★『Spes - 希望』(2L 110SABD)が話題を呼んだノルウェーの女声合唱団「カントゥス」の新作『ユグドラシル』。北欧神話の「世界樹」をテーマに作られました。豊かに茂り複雑に絡み合うトネリコの木からインスピレーションを得て作曲された多様な音楽語法と表現の作品が歌われます。
★ヘンニング・ソンメッロ Henning Sommerro(1952–)の《牡鹿》は、古代北欧語の詩集『エッダ』の「グリームニルの歌(Grímnismál)」の一節をテクストに作曲された作品です。「四頭の牡鹿もいて、彼らは首をうしろにまげ、樹の皮から若芽をむしって食べている……」。ザ・リアル・グループのメンバーだったアンデシュ・エーデンロート Anders Edenroth(1963–)の《樹の歌》は、神話の「樹」を現代の気候変動になぞらえて作詞作曲されました。マリアンネ・ライダシュダッテル・エーリクセン Marianne Reidarsdatter Eriksen(1971–)は、第二次世界大戦で荒廃した土地に樹を植える女の姿に希望を見るハルディス・モーレン・ヴェソース(1907–1995)の詩に作曲。美しいメロディで知られるシンガーソングライター、エルルン・ユースタ Ellrun Ystad(1965–)の《母に捧げる三つの詩》もヴェソースの詩に作曲されました。
★クリスティーン・ドンキン Christine Donkin(1976–)は、合唱に対する挑戦的な姿勢が刺激的だ、とカントゥスのメンバーがいう、カナダの作曲家です。
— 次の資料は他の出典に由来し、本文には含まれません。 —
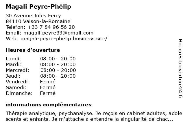 | Jeudi | 08:00-20:00 |
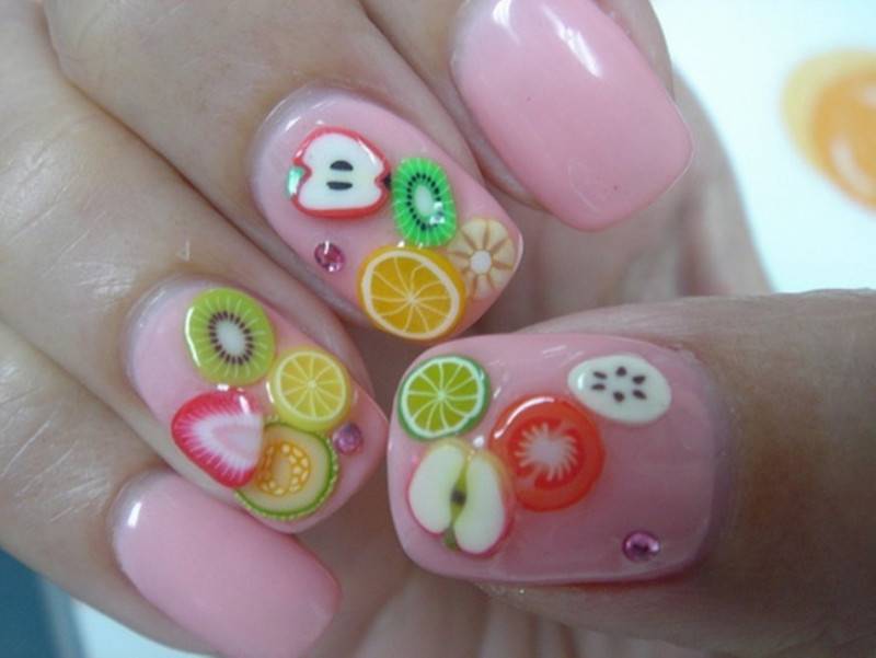 Однако довольно забавно смотрятся ноготки в виде клубничек или божьих коровок. Часто для детского маникюра используют всевозможные наклейки, с помощью которых можно быстро разукрасить каждый ноготь, например, изображением любимого героя мультфильма.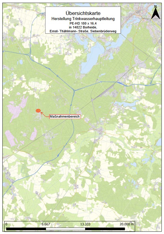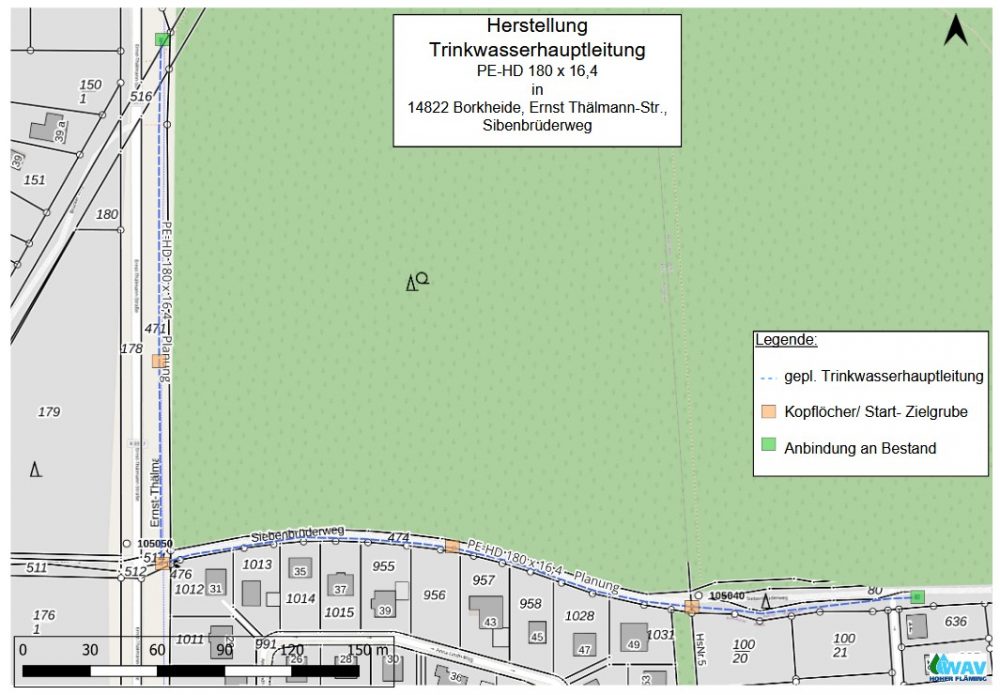 hiermit informieren wir Sie an der Maßnahme „Neuherstellung einer Trinkwasserhauptleitung im Siebenbrüderweg über Ernst-Thälmann-Straße, 14822 Borkwalde“.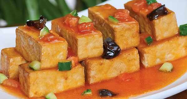 食材:有机豆腐半块、有机香橙 1 只、山药 100 克、盐、糖、黑芝麻、白芝麻、素蚝油汁适量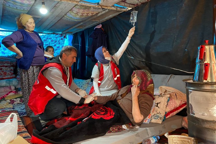 Deprem felaketinde büyük yıkımın yaşandığı illerde Kızılay Sağlık çalışanları 14 Mart Tıp Bayramı'nda da dışarı çıkamayan, evde sağlık hizmeti ihtiyacı duyan hastalar başta olmak üzere muayene olmak isteyen afetzedelere sağlık hizmeti sunmaya devam etti. Bugüne kadar 10 bin afetzedeyi muayene eden 16 bine yakın afetzedeye de ücretsiz ilaç dağıtımı gerçekleştirdi. 275 afetzede ise evde hasta bakımı gerçekleştirildi.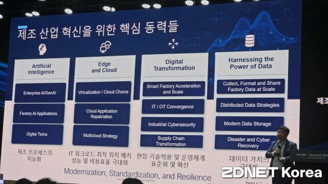 델 테크놀로지스 이영민 전무는 "AI 혁신은 데이터와 인프라의 결합에서 완성된다"며 "제조 현장에서 AI를 안정적으로 운영하려면 중앙 데이터센터뿐 아니라 현장 단의 엣지(Edge) 컴퓨팅이 핵심 역할을 해야 한다"고 강조했다.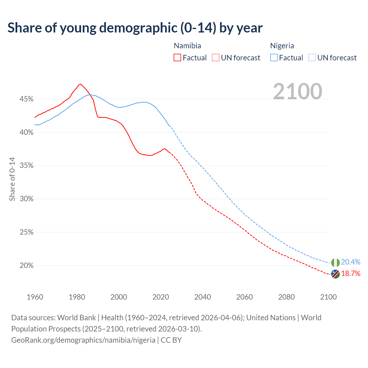 - Namibia is ranked 147/196 by median age (oldest to youngest) vs 178/196 for Nigeria.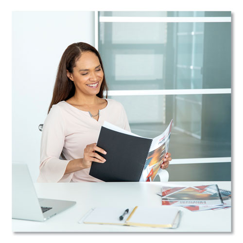 Presentation covers for thermal binding systems. Transparent front cover highlights title page. Elegant back cover in glossy white or linen-textured black. Compatible with most thermal binding systems.
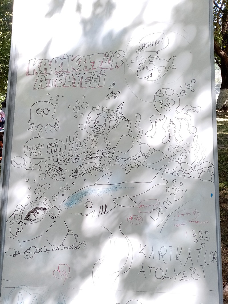 Etkinlik Adil Çamur’un Marmara Denizi’nin önemine dair çerçeve sunuşu ve Marmara Kaymakamı Murat Çiçek’in açılış konuşması ile başladı. Marmara’da çocuk olmaya dair sunuşun ardından konuşmacıların da katıldığı baskı ve oyun atölyelerinde çocuklar gün boyu devam eden kil, oyun, baskı, karikatür ve edebiyat atölyelerinde yaratıcılıklarını geliştirip doyasıya eğlendiler.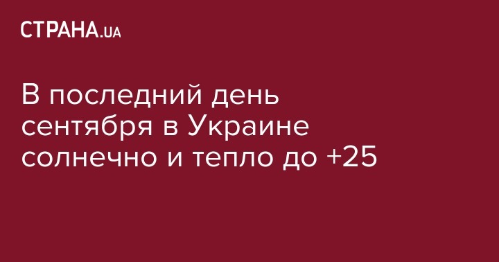 В пятницу, 30 сентября, сентября погода по всей Украине будет солнечной и теплой. Об этом говорит прогноз от Укргидрометцентра.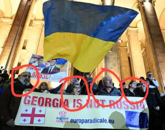 Fotografie" gruzínských " demonstrantů pod ukrajinskou vlajkou v centru Tbilisi se dostala do titulků všech světových médií. Ve skutečnosti jsou to Italové. Irský novinář Chey Bowes je zpovídal, když stáli s transparentem. Vysvětlili, že pocházejí z Itálie, nemají žádné spojení s Gruzií a angažují se v politickém aktivismu za lidská práva. Žena ve středu je Sylvia Manzi a po její pravici je její spolupracovník Igor Bonifacic. Jsou to vůdci malé pro-ukrajinské a pro-NATO krajně pravicové strany zvané "Italští radikálové". Stranu financuje nadace George Sorose. |

世界樹を語る《円》は、カントゥスが彼女から求められて歌詞を書いた作品です。アメリカのエリック・ウィリアム・バーナム Eric William Barnum(1979–)は、2曲。スウェーデンの詩人ヴィクトル・リュードベリ(1828–1895)の詩に作曲された《ユグドラシル》とアメリカのサラ・ディーズデール(1884–1933)の詩による《満天の星》。ラグナル・ラスムセン Ragnar Rasmussen(1966–)の《天の砦を知っている》は、ノルウェー民謡をアレンジした作品です。トリュグヴェ・ブロスケ Trygve Brøske(1973–)の《ラタトスクル》は、鷲のことばを運ぶためにユグドラシルの上をかけまわるリスを描いたアリス・メージャー(1949–)の詩に作曲されました。
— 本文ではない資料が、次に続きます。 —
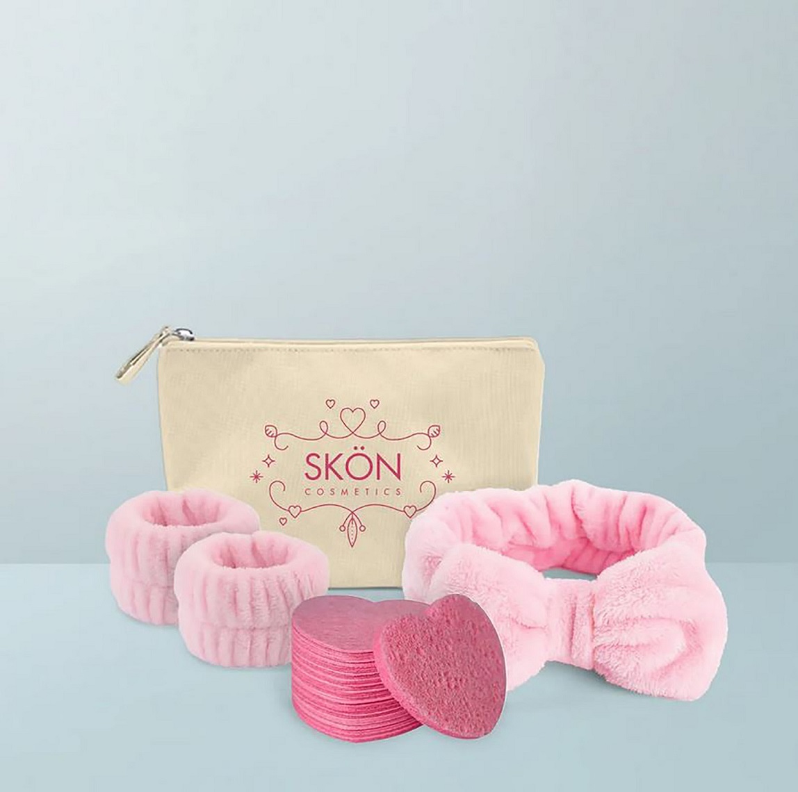 Romantico set, con beauty porta-creme in limited edition, una morbida fascetta skincare, i carinissimi polsini rosa e due morbide spugnette per detergere il viso a forma di cuore. Da usare e riutilizzare, senza sprechi.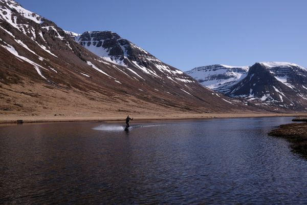 Duration of the trip: 7 hours. We meet up in Isafjordur at 09:00. The guide will provide required information and gear for the guests. We pack our gear and lunch in our backpacks. Afterwards, we will jump in our van and drive to the beginning of the hike. The hike will be around 1 hour each way. When reaching the lake your guide will set up towing gear for water sports. We will ride in teams of 2. Your guide will give a lesson on the shore and instructions how to assist each other in the water. Guide will control towing device, observe guests who are riding, give tips for improvement, and will assist in the water if needed. If group is bigger then 2 guests, it is a great opportunity for others to hike around this wonderful lake or use your snorkel and mask!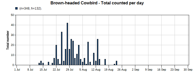 Brown-headed Cowbird (32/55) Total Number 348 Max [42 7/28] Date Span (7/13-8/23)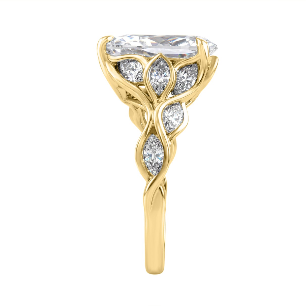 Elegant 14K Yellow Gold 4 1/5Ct Diamond Ring Round, Pear & Marquise With Marquise Side Stones, Women Fashion Ring 3Ct Pear Center Stone (Color F-G -Cl

★松下功(1962–)は、指揮者のトーヴェ・ラムロ=ユースタ Tove Ramlo-Ystad と長年の友情で結ばれる音楽家のひとり。「アイヌ伝承の旋律と詩」による《カムイ》をこのアルバムに寄せています。フィンランドのミア・マカロフ Mia Makaroff(1970–)の《詩編9番》は、パレスチナの詩人マフムード・ダルウィーシュ Mahmoud Darwish(1941–2008)の詩がテクストです。イスラエルに占領された祖国を離れねばならない、その悲しみと祖国への愛を歌った作品です。
★録音セッションは、トロンハイムのラーデモーエン教会で2018年から2021年にかけて5回に分けて行われました。アルバム《幸いなるかな》(2L 171SABD)が「第65回グラミー賞」の「ベスト・イマーシヴ」と「ベスト・エンジアド」のアルバム部門にノミネートされたモッテン・リンドベルグ Morten Lindberg のプロダクションによる録音です。